When, in history, has there existed a market that just keeps relentlessly growing at 5-10% each year, with profit margins consistently at a 15-20% level; and for well over a decade? Yet you attend the annual flagship Indian IT conference only to experience an atmosphere of acute paranoia and paralysis.  Is change really that frightening?

Even most clients are openly declaring they haven’t had their budgets reduced – many simply aren’t ready to make investments while there is such uncertainty surrounding the market because of an unpredictable US President.  Even NASSCOM itself adds to the uncertainty by deferring its usual business outlook

However, acting like a deer in the headlights is not an option.  The smart strategy is to expect the worst and make measures now to get in front of it…. don’t let the juggernaut, that is a protectionist US administration, squash you flat in your tracks.

However negatively this could turn out for some of the Indian IT services industry – here are six simple ways to reinvest some of those bloated warchests, before those greedy investors who got rich off your spoils demand to cash in their chips…

1) Invest internationally beyond the US.  Those Indian IT majors in the strongest position are those that are least reliant on their US clientele for future growth.  In fact, HfS estimates $7 Trillion in B2B digital expenditure by 2020 – with only $2bn being in the US (traditionally 50% of worldwide IT spend came from the US, but digital spending – both B2B and B2C – is changing that picture dramatically). For example, the British PM is already deep in discussions with Modi about closening UK/Indo ties even further in the wake of Brexit. The UK has the potential to become a major digital hub, fuelled by Indian talent.  While Brexit appears like a terrible idea on paper, change forces action and these actions will be all about increasing the flow of trade and talent with emerging nations and creating new wealth. We also see a real appetite for digital business model investments and automation by Australian businesses – and many of the Asian nations are only too happy to move from zero to hero to take advantage of the humongous digital B2B expenditure in Asia/Pacific and the rest of the world.

 

 

In addition, many of the European regions, such as Nordics and Germany, are now rapidly exploring more global resources to support their digital growth. If America – as it appears – is on the path of becoming a protectionist anti-globalization country for the next four years, perhaps its time to broaden your horizons?

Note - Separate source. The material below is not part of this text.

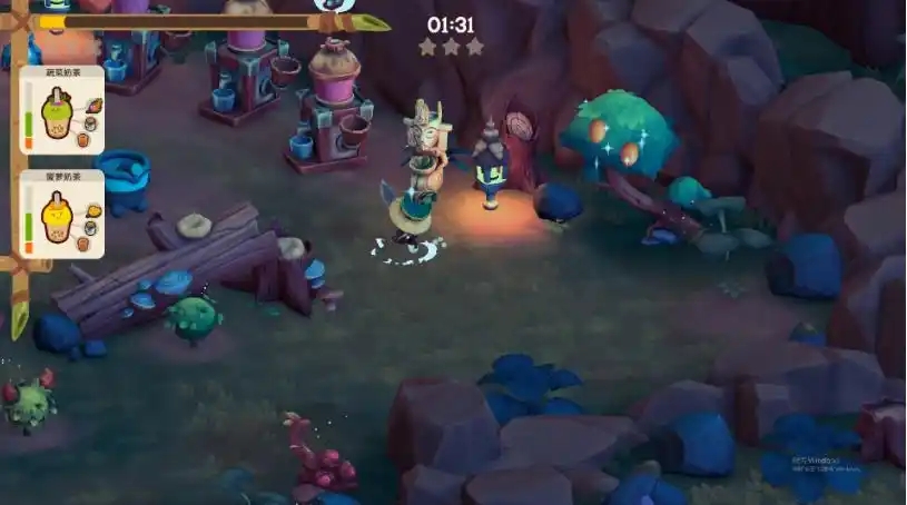 延续《胡闹厨房》的混乱操作,但加入战斗元素。玩家需在料理过程中切换武器防御敌人,或通过陷阱将野兽引入烹饪区直接获取食材,实现“打猎-烹饪”无缝衔接。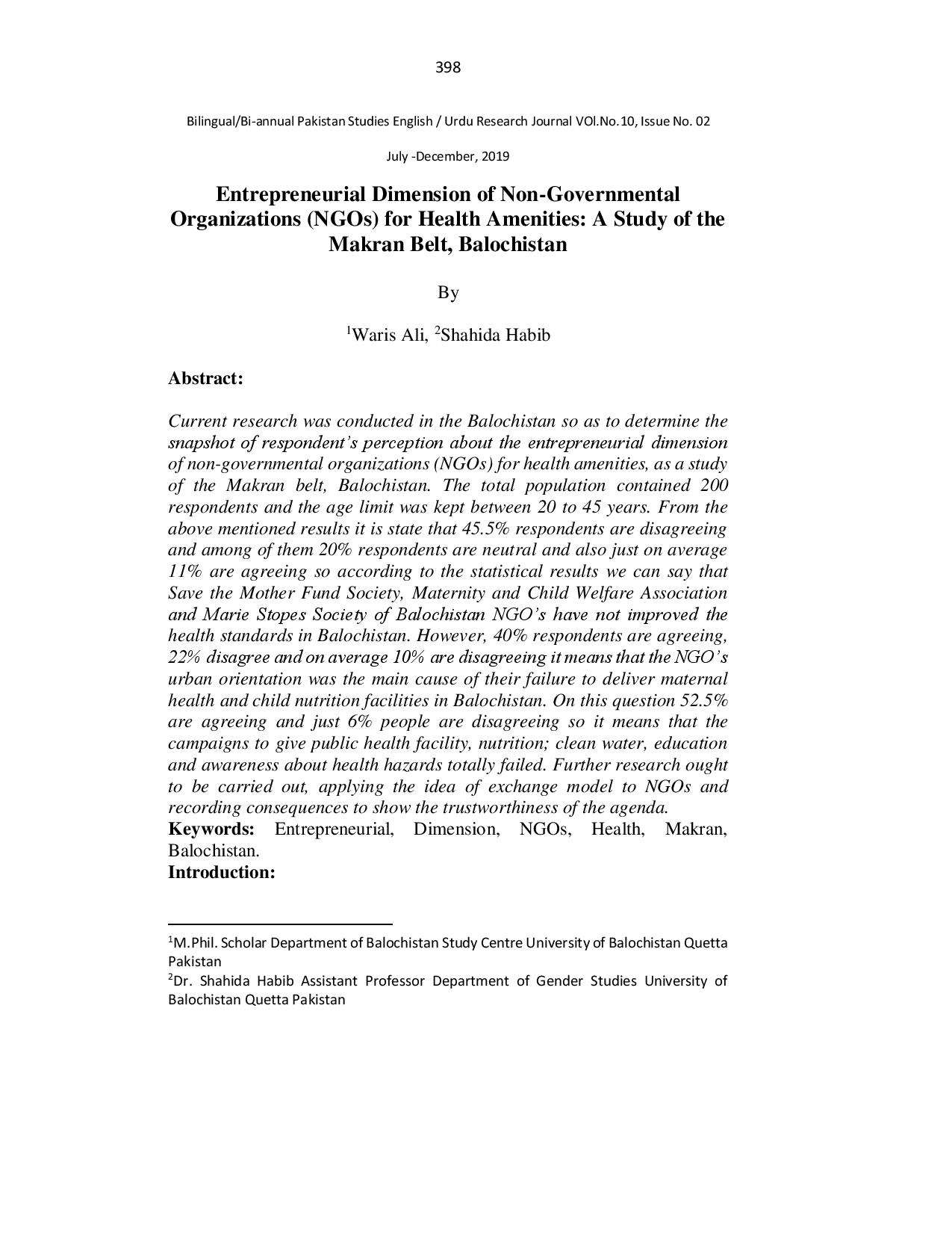 Entrepreneurial Dimension of Non-Governmental Organizations (NGOs) for Health Amenities A Study of the Makran Belt, Balochistan

2) Invest in a smarter onsite/offshore model that gets you closer to your customer’s customer.  Yesterday’s IT services model was all about helping legacy traditional enterprises keep their lights on by maintaining clunky old ERP implementations keep operating, adding extra sauce to spaghetti code and keeping an eye on server outages from afar.  Tomorrow’s winners have moved all this stuff into the cloud and automated much of their infrastructure management.  The future growth is working much closer to your customers to help them design and implement digital business models by building mobile applications, testing customer sentiment, forging partnerships and developing APIs with new digital business partners and communities.  Technology skills such as DevOps, Agile, Hadoop, Blue Prism and Automation Anywhere are the watchword, and a global race is on to access these skills.  Moreover, the developers need to be closer to the business designers and customer strategies of the clients to make this effective.  So Indian IT majors need to focus on developing these skilled resources where all their clients are situated, in addition to India itself.  This will require re-investing some of that lovely cash sitting around – and, heaven forbid – take a small margin sacrifice for a few quarters.

3) Partner with digital agencies to get it done.  Be realistic for once and accept the fact that most customers are not going to come to you to design highly creative digital business solutions.  You have an IT services brand, not a creative digital brand.  Most clients will go to the advertising firms, the Design Thinking consultancies and the digital specialists for that work.  However, all those firms are pretty clueless when it comes to actually communicating their business designs to technology firms and having them just get it done. This is where you can really do well – by working with these agencies and consultancies as their IT partner – bring them into your clients and they will being you into theirs!  Believe me, most the digital firms worth acquiring have already been hoovered up by the Accentures and Deloittes… most the stuff left on the market is overpriced, too small, and most their nose-ringed designers will jump ship the moment you buy them.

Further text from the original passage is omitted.